Ficamos e estamos maravilhados, apaixonados, por estas terras e gentes, cultas ou não, gentis, prestativas, simples no viver e ser, em que a cultura de tradições, usos e costumes, transparecem em cada um, em cada detalhe.

Esta região – como creio que em outras muitas destas minas gerais – tem artesãos de tudo: sapateiros, fotógrafos, serralheiros, vidreiros, costureiras e costureiros, torradores de café em pequeno varejo, doceiras e doceiros...
Todos artesãos de fato onde se leva um pedido, se vê e fala com uma pessoa, acerta detalhes, coisas que desapareceram de todas as capitais, onde tudo isto foi industrializado, transformado em redes impessoais de franquias.

Gente, gente agora minha, por favor tome consciência deste valor inestimável!  Governantes de nossas cidades e Estado, entendam, não permitam que este patrimônio se perca, se acabe!

Esta gente de toda a região ao entorno nos acolheu e nos trata como iguais, nos convidam para suas casas, para qualquer evento importante aqui e ali.

Neste ano da graça de Nosso Senhor Jesus Cristo de 2019, tive a honra de ser convidado para o casamento de dois jovens de cidade do entorno, muito queridos e por ali e aqui admirados.

Dentre tantas igrejas famosas, veneradas e muito frequentadas, escolheram a Basílica Nossa Senhora da Conceição do Rio Verde.

Não saberia chegar lá: contratei um motorista e fui.

Não poderia imaginar que um município com população tão pequena pudesse ter uma Catedral assim tão grande: Imponente, bonita, de arquitetura externa em neobarroco mineiro de linhas retas, interna em estilo neogótico despido, grande cúpula, com suas colunas e capitéis encimados por estátuas excelentes dos doze apóstolos.
Apenas as paredes ainda estão brancas, sem pinturas.

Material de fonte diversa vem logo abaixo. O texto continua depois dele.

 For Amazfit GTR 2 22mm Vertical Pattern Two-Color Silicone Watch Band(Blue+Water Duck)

Por elas esperam; pela fé inabalável, amor à tradição, generosidade, tenacidade e grandeza de seu povo, certamente virão.

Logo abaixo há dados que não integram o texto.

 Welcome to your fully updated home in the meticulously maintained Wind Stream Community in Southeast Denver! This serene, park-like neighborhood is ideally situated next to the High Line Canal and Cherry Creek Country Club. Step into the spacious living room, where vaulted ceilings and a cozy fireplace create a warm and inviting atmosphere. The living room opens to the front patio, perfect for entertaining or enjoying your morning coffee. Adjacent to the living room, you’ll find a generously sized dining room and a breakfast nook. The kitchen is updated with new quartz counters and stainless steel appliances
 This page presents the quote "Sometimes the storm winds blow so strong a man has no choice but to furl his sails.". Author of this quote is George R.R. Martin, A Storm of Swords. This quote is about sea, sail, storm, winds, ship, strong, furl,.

Igreja repleta da gente do lugar e arredores, as mulheres e moças em seus melhores vestidos, cabelos, maquiagem, quase todas em belos sapatos de saltos altos.
Os homens, além do noivo, os das famílias e muitos padrinhos, todos em ternos pretos, gravatas claras; só eu e mais dois ou três de paletó e camisa social sem gravata.
Todos os outros em trajes informais, muitos bem simples, certamente seus melhores.

Com música e canto de pequeno conjunto de teclado, violino, violão, cantora e cantor afinados, esperamos a entrada da noiva, bonita em lindo vestido, que, princesa que sabe ser, por todos passa com sorrisos e acenos só para privilegiados.

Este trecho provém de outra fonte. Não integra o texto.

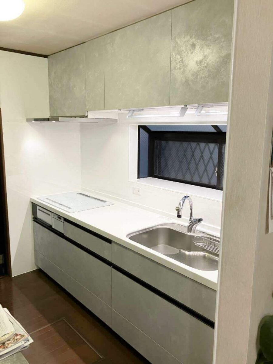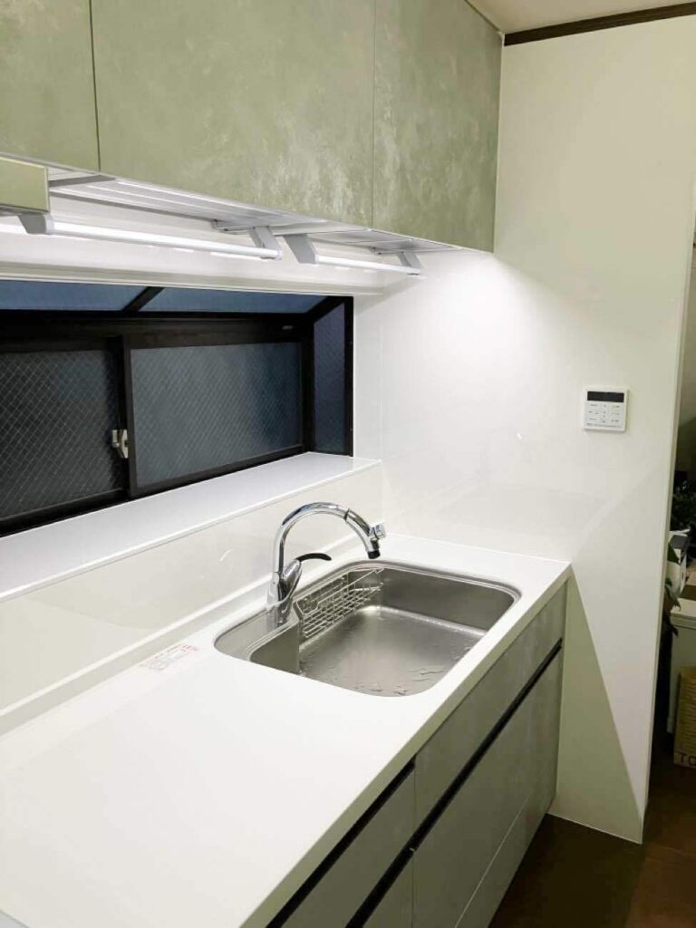 キッチンは逆にスッキリと清潔さを与えるようなカラーを選択し、上品な空間に仕上がりました。

Longa e tradicional Missa.
Vigário, próprio do local e redondezas, faz homilia e repete trechos das escrituras, palavras dele reais, para seu povo real. Nada de inovações e homilias famosas de vigários das capitais, com tiradas alegres, brincadeiras, citações não ortodoxas.

Finalmente a enorme fila de cumprimentos aos noivos e famílias que, sem demonstrar  qualquer cansaço, sorriam, simpáticos, corteses, alegres.

Ainda novato nestas plagas, o motorista contratado me levou à festa no enorme galpão, já preparado, enfeitado, mesas para três, e outras para muitos convidados – que eram TODOS que quisessem vir – com música ao vivo adequada.

Garçons e garçonetes servindo petiscos, Guaraná e Coca Cola; pedi cerveja que logo veio e meu copo foi reenchido assim que esvaziava.

Em mesa perto da entrada, casal que desconheço perguntou se podia nela se sentar: concordei com alegria. Pedi que não tomassem o resto da cerveja pois iria fumar um cigarro lá fora.

Chegados noiva e noivo, entrada ao som da música e palmas, todos de pé.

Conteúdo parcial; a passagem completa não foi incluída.